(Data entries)
==*==

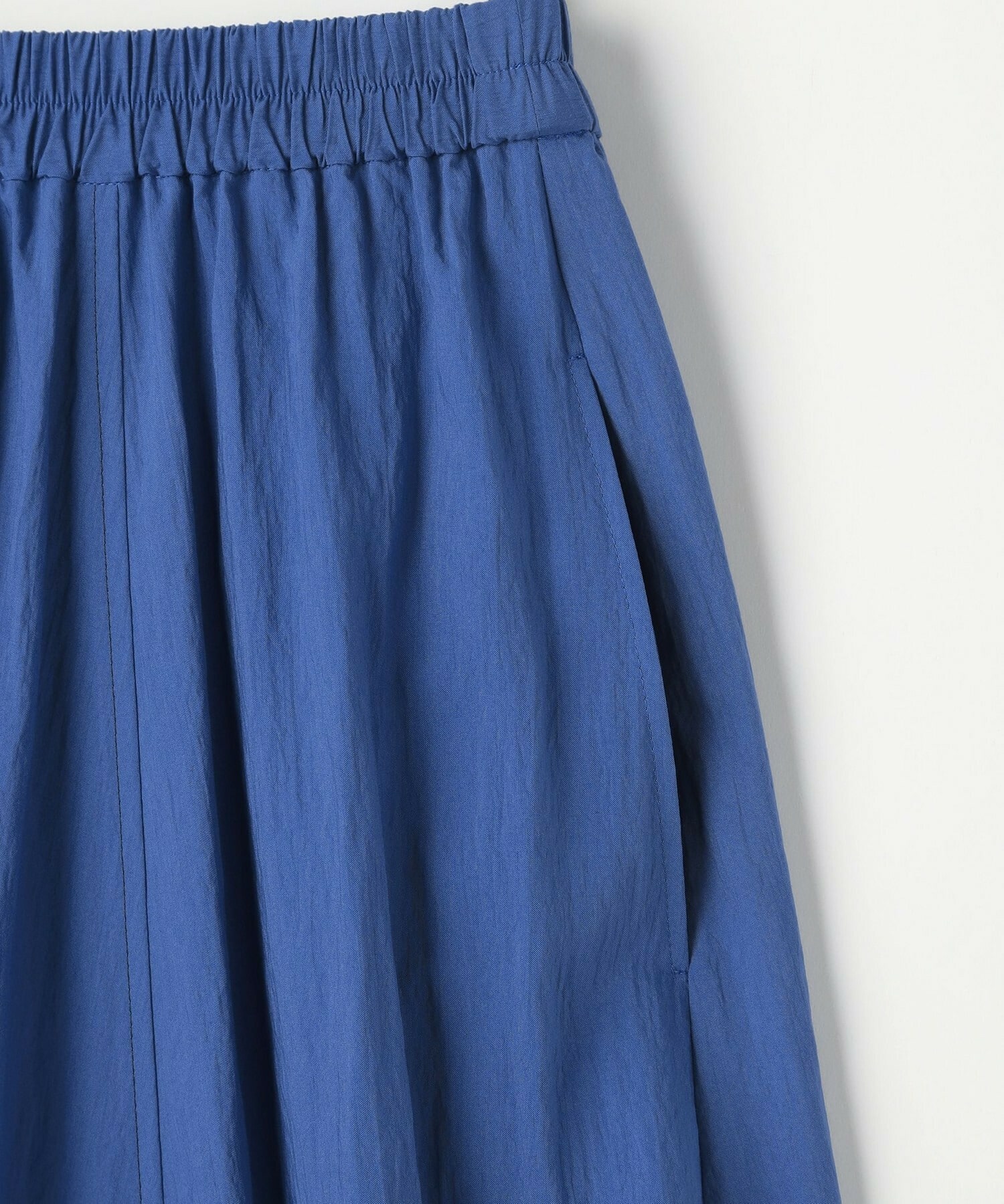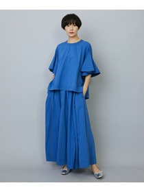 ウエストゴムで快適な仕上がり。トップスに同素材ブラウスで華やかに着ていただけます。
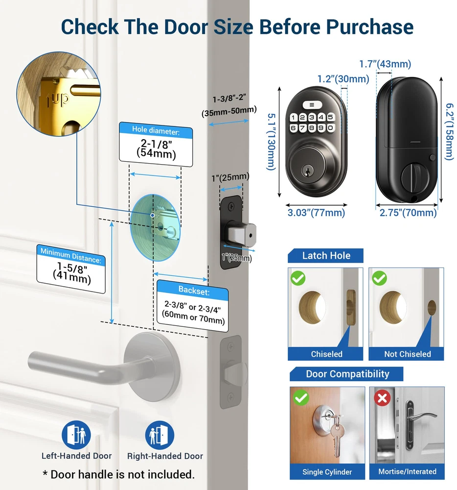 Keyless Entry: With 20 password code + 2 spare keys + -time password for temporary visitors, the -time code will automatically deleted after use Smart and Convenient: With anti peeping function when entering passwords, and the front door lock set can 'auto lock' in 10-99 seconds, or press a key for 2 seconds to lock the door manually Keypad Deadbolt: The ANSI 3 smart door lock was made with sturdy lock cylinder and alloy, powered by 4 AA batteries, work last for more than 1 year Electronic Door Lock: Has backlit keypad and low battery alert, mute mode and vacation mode, water resistant, go perfectly with both traditional and modern house Easy to Install: Just with a screwdriver, the door lock will be easily installed and program all by yourself in several minutes, with all American standard left and right handed doors offers at least 1 year product customer support from the date of purchase, 24/7 support for you
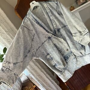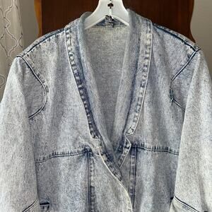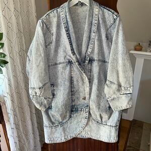 Vintage Acid Wash Blue Denim Jacket Long Oversized By Venus Clothing Large
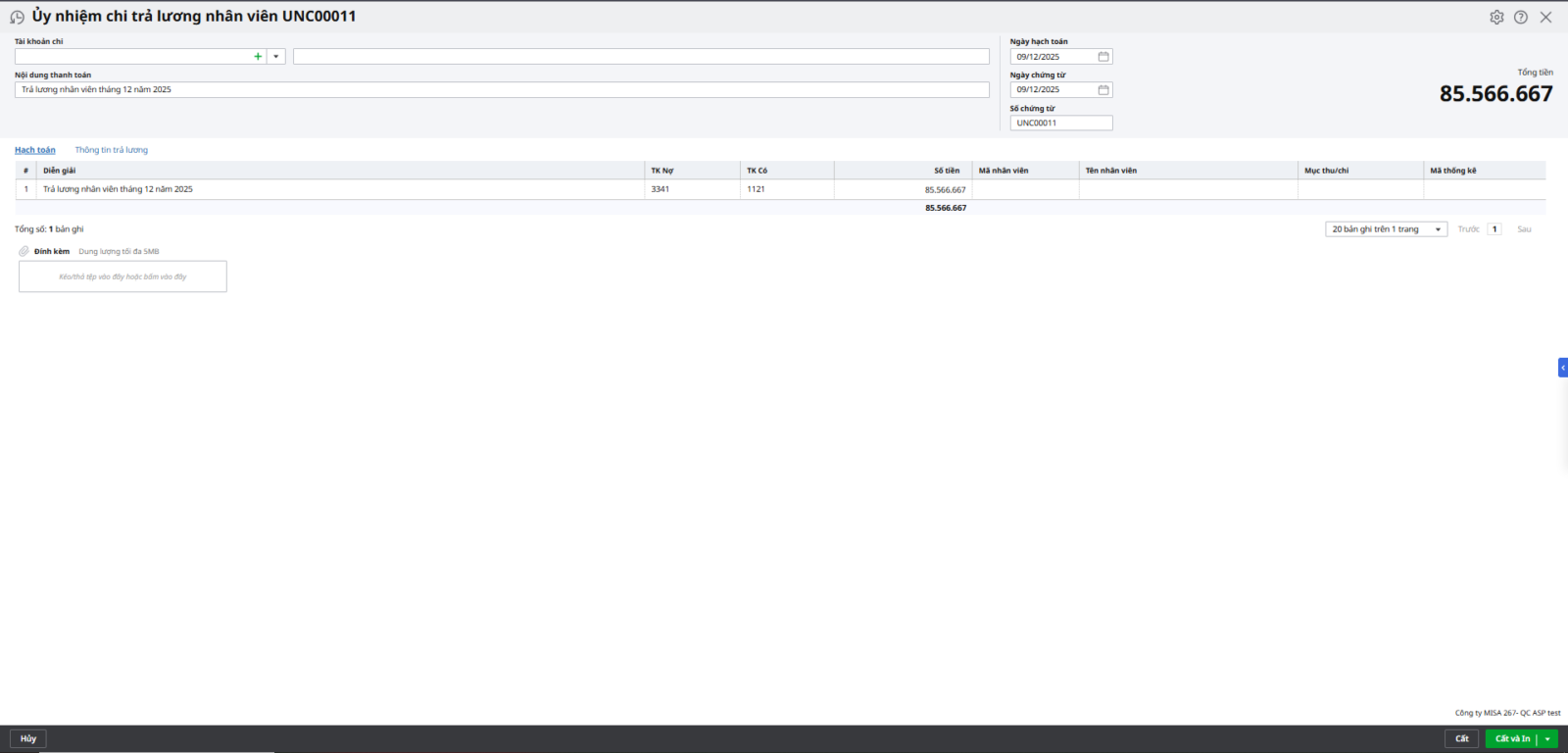 Bước 4: Nhấn Cất và Chọn chức năng In trên thanh công cụ, sau đó chọn mẫu ủy nhiệm chi cần in.
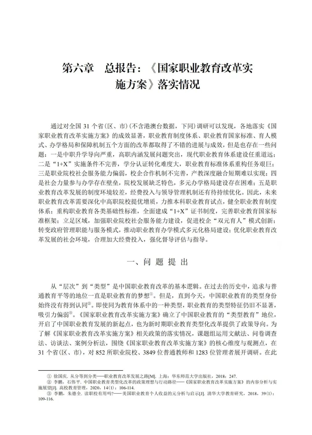 前期,研究团队历时3年,对全国31个省(区、市)开展了大规模调研,完成了“5份理论报告+4份实证报告+15份发展报告”的研究基础,最终形成《报告》,旨在总结提炼职业教育现代化建设的中国经验,构建具有中国特色的职业教育研究话语体系,对我国“十五五”时期职业教育现代化发展提供科学参考。
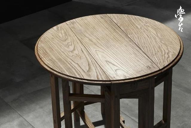 这张名为“桌剧场”的民国老桌, 可以为你呈现十几种现代生活的使用场景。 90 厘米直径的设计,让聚会瞬间拉近亲切感。可变形收纳的结构设计, 能轻松实现二人对谈、三人行、四人聚会、甚至八人围坐。

==*==

Prompt -
When you transcribe these entries, keep every word exact and drop the pictures.

Reply -
 ウエストゴムで快適な仕上がり。トップスに同素材ブラウスで華やかに着ていただけます。
 Keyless Entry: With 20 password code + 2 spare keys + -time password for temporary visitors, the -time code will automatically deleted after use Smart and Convenient: With anti peeping function when entering passwords, and the front door lock set can 'auto lock' in 10-99 seconds, or press a key for 2 seconds to lock the door manually Keypad Deadbolt: The ANSI 3 smart door lock was made with sturdy lock cylinder and alloy, powered by 4 AA batteries, work last for more than 1 year Electronic Door Lock: Has backlit keypad and low battery alert, mute mode and vacation mode, water resistant, go perfectly with both traditional and modern house Easy to Install: Just with a screwdriver, the door lock will be easily installed and program all by yourself in several minutes, with all American standard left and right handed doors offers at least 1 year product customer support from the date of purchase, 24/7 support for you
 Vintage Acid Wash Blue Denim Jacket Long Oversized By Venus Clothing Large
 Bước 4: Nhấn Cất và Chọn chức năng In trên thanh công cụ, sau đó chọn mẫu ủy nhiệm chi cần in.
 前期,研究团队历时3年,对全国31个省(区、市)开展了大规模调研,完成了“5份理论报告+4份实证报告+15份发展报告”的研究基础,最终形成《报告》,旨在总结提炼职业教育现代化建设的中国经验,构建具有中国特色的职业教育研究话语体系,对我国“十五五”时期职业教育现代化发展提供科学参考。
 这张名为“桌剧场”的民国老桌, 可以为你呈现十几种现代生活的使用场景。 90 厘米直径的设计,让聚会瞬间拉近亲切感。可变形收纳的结构设计, 能轻松实现二人对谈、三人行、四人聚会、甚至八人围坐。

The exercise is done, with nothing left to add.